Isotope-ratio mass spectrometry
Acronym | IRMS |
---|---|
Classification | mass spectrometry |
Isotope-ratio mass spectrometry (IRMS) is a specialization of mass spectrometry, in which mass spectrometric methods are used to measure the relative abundance of isotopes in a given sample.[1][2]
This technique has two different applications in the earth and environmental sciences. The analysis of 'stable isotopes' is normally concerned with measuring isotopic variations arising from mass-dependent isotopic fractionation in natural systems.

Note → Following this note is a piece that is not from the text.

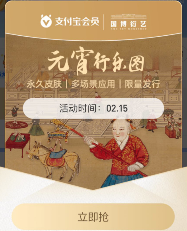 元宵行乐图皮肤特定包括:永久皮肤、多场景应用、限量发行。2 月 15 日多个时段可以抢购。

On the other hand, radiogenic isotope analysis[3] involves measuring the abundances of decay-products of natural radioactivity, and is used in most long-lived radiometric dating methods.
Introduction
The isotope-ratio mass spectrometer (IRMS) allows the precise measurement of mixtures of naturally occurring isotopes.[4] Most instruments used for precise determination of isotope ratios are of the magnetic sector type. This type of analyzer is superior to the quadrupole type in this field of research for two reasons. First, it can be set up for multiple-collector analysis, and second, it gives high-quality 'peak shapes'. Both of these considerations are important for isotope-ratio analysis at very high precision and accuracy.[3]
The sector-type instrument designed by Alfred Nier was such an advance in mass spectrometer design that this type of instrument is often called the 'Nier type'. In the most general terms the instrument operates by ionizing the sample of interest, accelerating it over a potential in the kilo-volt range, and separating the resulting stream of ions according to their mass-to-charge ratio (m/z). Beams with lighter ions bend at a smaller radius than beams with heavier ions. The current of each ion beam is then measured using a 'Faraday cup' or multiplier detector.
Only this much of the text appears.